> _GIVEN INFORMATION_:
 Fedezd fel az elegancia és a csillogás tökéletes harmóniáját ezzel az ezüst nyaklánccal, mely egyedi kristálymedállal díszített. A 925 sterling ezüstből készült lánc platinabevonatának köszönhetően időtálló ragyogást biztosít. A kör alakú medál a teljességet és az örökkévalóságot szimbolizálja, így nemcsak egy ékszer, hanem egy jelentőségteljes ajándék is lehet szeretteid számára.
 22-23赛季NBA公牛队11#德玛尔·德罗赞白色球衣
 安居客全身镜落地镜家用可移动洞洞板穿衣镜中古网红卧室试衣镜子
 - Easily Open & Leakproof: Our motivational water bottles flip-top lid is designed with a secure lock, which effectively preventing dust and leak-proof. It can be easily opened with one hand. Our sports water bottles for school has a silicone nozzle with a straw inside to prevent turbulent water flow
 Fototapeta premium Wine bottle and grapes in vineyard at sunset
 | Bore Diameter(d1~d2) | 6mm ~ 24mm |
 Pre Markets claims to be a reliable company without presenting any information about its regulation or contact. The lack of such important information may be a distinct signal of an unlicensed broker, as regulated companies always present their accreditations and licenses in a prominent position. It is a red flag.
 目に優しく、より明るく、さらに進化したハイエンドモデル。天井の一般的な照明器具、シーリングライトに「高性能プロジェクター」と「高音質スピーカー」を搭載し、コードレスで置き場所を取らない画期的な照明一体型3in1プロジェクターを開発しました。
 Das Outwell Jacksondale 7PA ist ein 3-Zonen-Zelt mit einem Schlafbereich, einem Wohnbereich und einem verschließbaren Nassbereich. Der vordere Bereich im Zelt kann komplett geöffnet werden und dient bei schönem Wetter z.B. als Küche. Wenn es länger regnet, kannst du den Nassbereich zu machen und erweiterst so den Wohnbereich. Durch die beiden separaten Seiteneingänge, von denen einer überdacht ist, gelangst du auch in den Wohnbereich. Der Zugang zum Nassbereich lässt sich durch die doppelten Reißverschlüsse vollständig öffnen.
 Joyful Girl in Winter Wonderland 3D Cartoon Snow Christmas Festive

> _EXERCISE_: An exact copy of the data is needed.

> _YOUR RESPONSE_:
 Fedezd fel az elegancia és a csillogás tökéletes harmóniáját ezzel az ezüst nyaklánccal, mely egyedi kristálymedállal díszített. A 925 sterling ezüstből készült lánc platinabevonatának köszönhetően időtálló ragyogást biztosít. A kör alakú medál a teljességet és az örökkévalóságot szimbolizálja, így nemcsak egy ékszer, hanem egy jelentőségteljes ajándék is lehet szeretteid számára.
 22-23赛季NBA公牛队11#德玛尔·德罗赞白色球衣
 安居客全身镜落地镜家用可移动洞洞板穿衣镜中古网红卧室试衣镜子
 - Easily Open & Leakproof: Our motivational water bottles flip-top lid is designed with a secure lock, which effectively preventing dust and leak-proof. It can be easily opened with one hand. Our sports water bottles for school has a silicone nozzle with a straw inside to prevent turbulent water flow
 Fototapeta premium Wine bottle and grapes in vineyard at sunset
 | Bore Diameter(d1~d2) | 6mm ~ 24mm |
 Pre Markets claims to be a reliable company without presenting any information about its regulation or contact. The lack of such important information may be a distinct signal of an unlicensed broker, as regulated companies always present their accreditations and licenses in a prominent position. It is a red flag.
 目に優しく、より明るく、さらに進化したハイエンドモデル。天井の一般的な照明器具、シーリングライトに「高性能プロジェクター」と「高音質スピーカー」を搭載し、コードレスで置き場所を取らない画期的な照明一体型3in1プロジェクターを開発しました。
 Das Outwell Jacksondale 7PA ist ein 3-Zonen-Zelt mit einem Schlafbereich, einem Wohnbereich und einem verschließbaren Nassbereich. Der vordere Bereich im Zelt kann komplett geöffnet werden und dient bei schönem Wetter z.B. als Küche. Wenn es länger regnet, kannst du den Nassbereich zu machen und erweiterst so den Wohnbereich. Durch die beiden separaten Seiteneingänge, von denen einer überdacht ist, gelangst du auch in den Wohnbereich. Der Zugang zum Nassbereich lässt sich durch die doppelten Reißverschlüsse vollständig öffnen.
 Joyful Girl in Winter Wonderland 3D Cartoon Snow Christmas Festive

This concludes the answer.